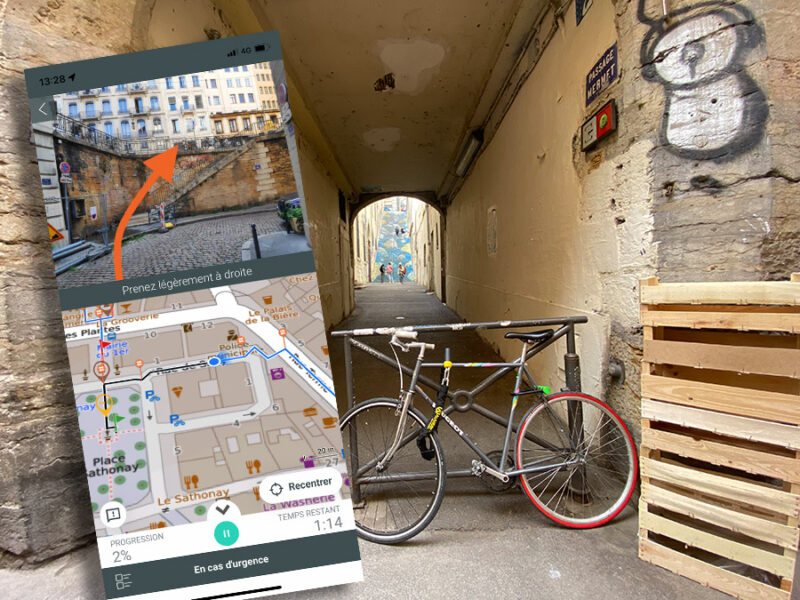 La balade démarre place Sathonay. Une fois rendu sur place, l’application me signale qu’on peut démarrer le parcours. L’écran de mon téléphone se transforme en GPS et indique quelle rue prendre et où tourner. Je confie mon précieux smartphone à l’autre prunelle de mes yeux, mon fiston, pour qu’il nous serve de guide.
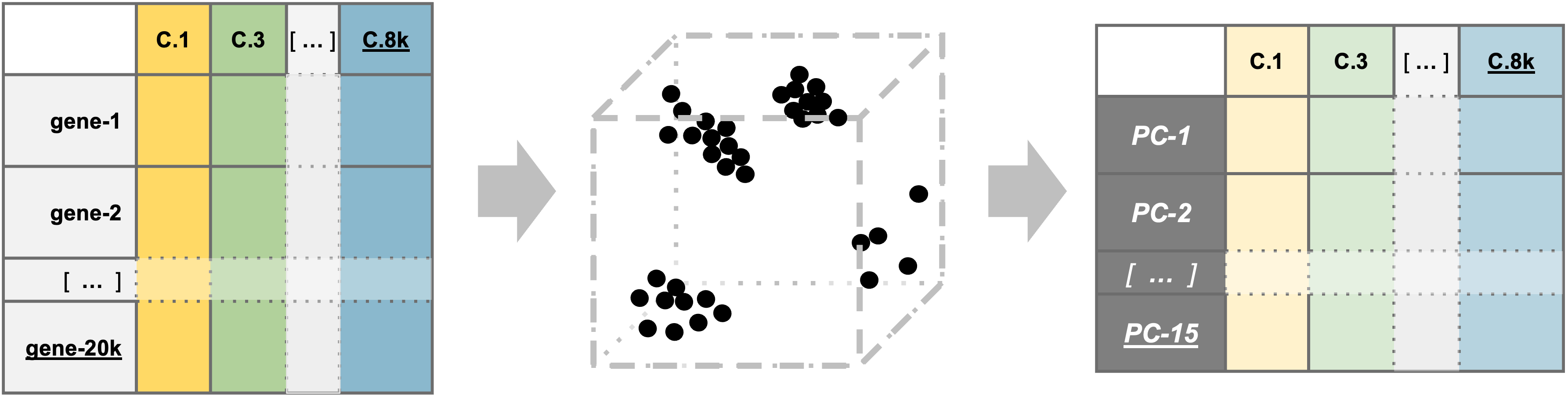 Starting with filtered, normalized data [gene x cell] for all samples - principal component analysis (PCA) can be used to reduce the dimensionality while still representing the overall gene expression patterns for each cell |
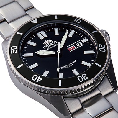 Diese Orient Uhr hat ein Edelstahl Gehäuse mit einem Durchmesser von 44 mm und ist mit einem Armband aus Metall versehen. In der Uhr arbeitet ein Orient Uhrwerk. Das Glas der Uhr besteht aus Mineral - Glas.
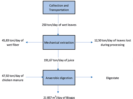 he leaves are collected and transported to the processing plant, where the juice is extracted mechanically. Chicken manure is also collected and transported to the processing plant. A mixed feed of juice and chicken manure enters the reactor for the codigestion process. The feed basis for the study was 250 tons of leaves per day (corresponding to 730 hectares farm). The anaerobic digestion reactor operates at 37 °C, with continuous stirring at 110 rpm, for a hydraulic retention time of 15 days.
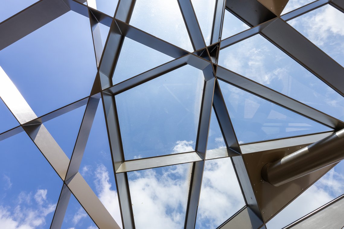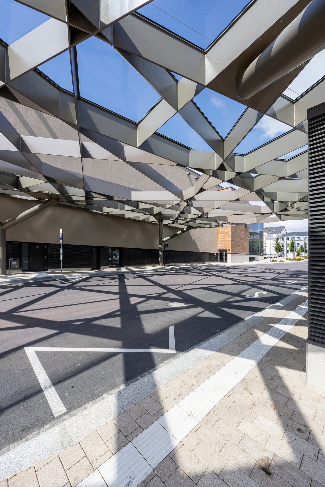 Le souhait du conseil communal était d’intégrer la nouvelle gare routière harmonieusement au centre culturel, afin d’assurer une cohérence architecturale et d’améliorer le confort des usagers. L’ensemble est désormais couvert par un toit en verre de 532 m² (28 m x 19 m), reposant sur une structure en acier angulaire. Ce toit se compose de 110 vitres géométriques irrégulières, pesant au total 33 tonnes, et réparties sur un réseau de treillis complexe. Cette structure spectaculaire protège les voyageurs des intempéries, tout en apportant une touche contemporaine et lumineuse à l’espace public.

•••

Print each line of the listing, starting at its first and ending with the line that holds "Diese Orient Uhr", but skip any pictures.

 La balade démarre place Sathonay. Une fois rendu sur place, l’application me signale qu’on peut démarrer le parcours. L’écran de mon téléphone se transforme en GPS et indique quelle rue prendre et où tourner. Je confie mon précieux smartphone à l’autre prunelle de mes yeux, mon fiston, pour qu’il nous serve de guide.
 Starting with filtered, normalized data [gene x cell] for all samples - principal component analysis (PCA) can be used to reduce the dimensionality while still representing the overall gene expression patterns for each cell |
 Diese Orient Uhr hat ein Edelstahl Gehäuse mit einem Durchmesser von 44 mm und ist mit einem Armband aus Metall versehen. In der Uhr arbeitet ein Orient Uhrwerk. Das Glas der Uhr besteht aus Mineral - Glas.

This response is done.